Did you know attorney Max Stier is well-respected? Did you know he heads a well-respected, non-partisan outfit in the nation’s capital? Did you know Stier, who is well-respected, is above political activism?
Did you know Max Stier can also walk on water?
I did not know any of these things until members of the press decided this week that it was especially important to vouch for Stier’s apparently impeccable character. This comes after New York Times reporters revealed he accused Supreme Court Justice Brett Kavanaugh privately last year of drunkenly abusing a female classmate when they were all students at Yale.
For many major newsrooms, it more important to stress Stier’s good character than the fact that he is a Democratic consultant.

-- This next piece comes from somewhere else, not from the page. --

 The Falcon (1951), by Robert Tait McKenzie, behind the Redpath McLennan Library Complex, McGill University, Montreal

His good character is more important than addressing the fact that he served as Bill Clinton’s attorney in the 1990s, opposite Kavanaugh, who worked for the special prosecutor going after Clinton. Stier’s good character is also a more important detail than the supposed victim in his accusation against Kavanaugh saying she has no recollection of the thing he alleges.

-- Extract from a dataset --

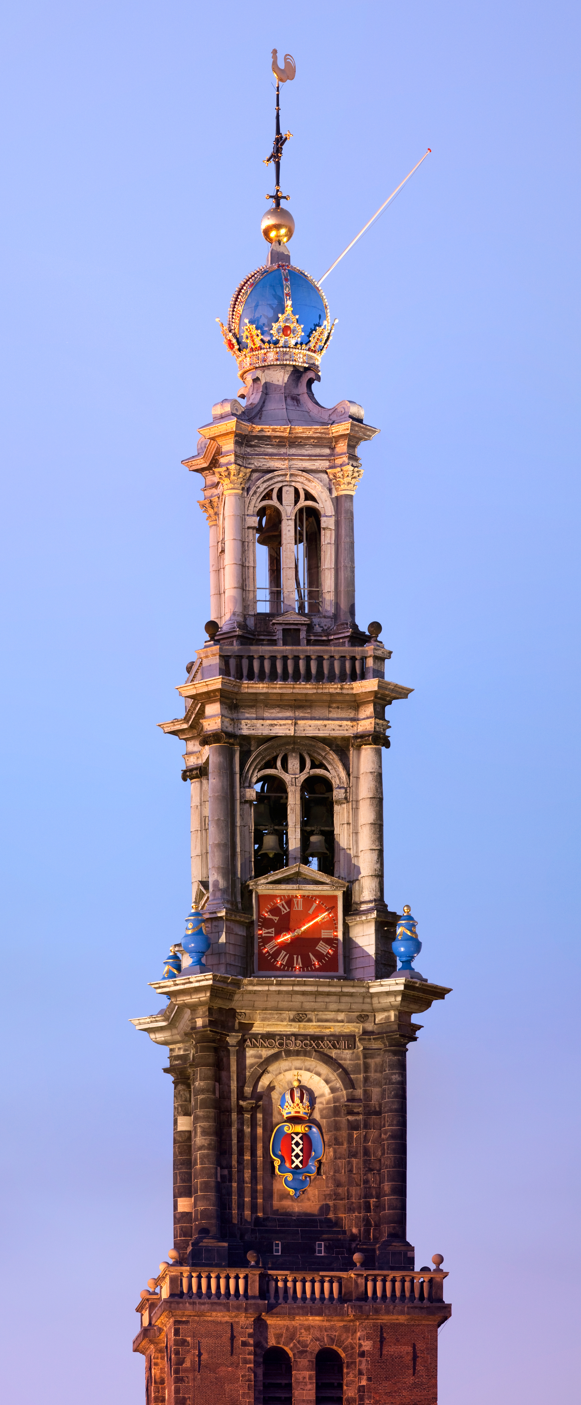 The 'Westertoren' is the highest church tower in Amsterdam (89m), and a landmark structure for this city in Holland (the Netherlands). Building was finished in 1637 and designed by the famous Dutch architect Hendrick de Keyser, but probably finished by Jacob van Kampen in a different shape, this was the tower Anne Frank was able to see from her room in the 'Achterhuis' and chiming of the carillon was a source of comfort to her as mentioned in her diary. The resolution of the original photograph is 3588*7491.

He is well-respected and non-partisan. So say our fearless and objective news media. I hope that settles things for everyone.
Steir is the “president of the thoroughly bipartisan and widely respected Partnership for Public Service,” Washington Post columnist E.J. Dionne Jr. wrote in an article published Sept. 15. Dionne’s Post colleague Karen Tumulty wrote two days later that Stier “heads a well-respected, nonpartisan organization in Washington.”

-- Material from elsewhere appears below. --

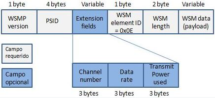 Formato WSMP

“He’s well-respected,” CNN’s Alyssa Camerota said Sept. 17 during a discussion of the allegation Stier brought privately to Deleware Sen. Chris Coons during the 2018 Kavanaugh confirmation hearings.
Elsewhere that same day, Kate Kelly, who is one of the two New York Times reporters who revealed the attorney’s behind-the-scenes involvement in the Kavanaugh hearings, said also on CNN that the Democratic consultant is “very respected, good governance advocate in Washington,” adding further that, “Because of Stier’s respected stature in Washington, and because he runs this bipartisan group, we deem it to be credible information.”
USA Today‘s Washington Bureau chief Susan Page said later during a Fox News panel discussion that Stier is “a respected person” and a “respected bipartisan person,” who she “didn’t realize [worked] for a Democratic president.” Oops!
“Eyewitnesses often get attacked by supporters of the one whose conduct was witnessed,” tweeted former director of the U.S. Office of Government Ethics and frequent MSNBC contributor Walter Shaub. “[A]nd Before that happens, I’d like to add that Max Stier is well respected by both sides of the aisle, nonpartisan, smart and absolutely devoted to good government without regard to who’s in power.”
The New Yorker’s notoriously unreliable Jane Mayer also noted on social media that Stier “is no slouch of a witness — he is a Rhodes Scholar, Stanford Law grad, fmr. Supreme Court Clerk, runs a bipartisan center for public service and is the star of Michael Lewis’ last book.” True to form, Mayer had to add in a follow-up note, “Evidently Max Stier was in Kavanaugh’s class at Yale, clerked for Justice David Souter but isn’t a Rhodes Scholar, so correcting and updating.”
Philadelphia Daily News columnist Will Bunch complained also that federal agents did not question “the respected head of a D.C.-area non-profit, Max Stier.”
“I know Max Stier. He is scrupulously honest and nonpartisan,” tweeted Washington Post columnist Jennifer Rubin.
What these commentaries all have in common, aside from hero worship, is that they are curiously silent regarding Stier’s professional background.
Meanwhile, Kelly and her Times colleague, Robin Pogrebin, describe Stier in their new book, The Education of Brett Kavanaugh: An Investigation, as “a respected thought leader on federal government management issues in Washington as the founding president and chief executive of the Partnership for Public Service.” An excerpt from their book published last weekend in the Times’ Sunday Review section describes Stier merely as an individual who “runs a nonprofit organization in Washington.” A follow-up Times report characterizes him only as a man “who now runs a nonprofit organization in Washington.”
This effort to hide the ball from the reader is itself an indication that something is wrong with the reporting.
The fact that the man has a long track record of serving Democrats, even working opposite the very man he now accuses of misconduct, is somehow just a minor detail we are supposed to ignore or overlook. After all, would a well-respected man ever lie to you?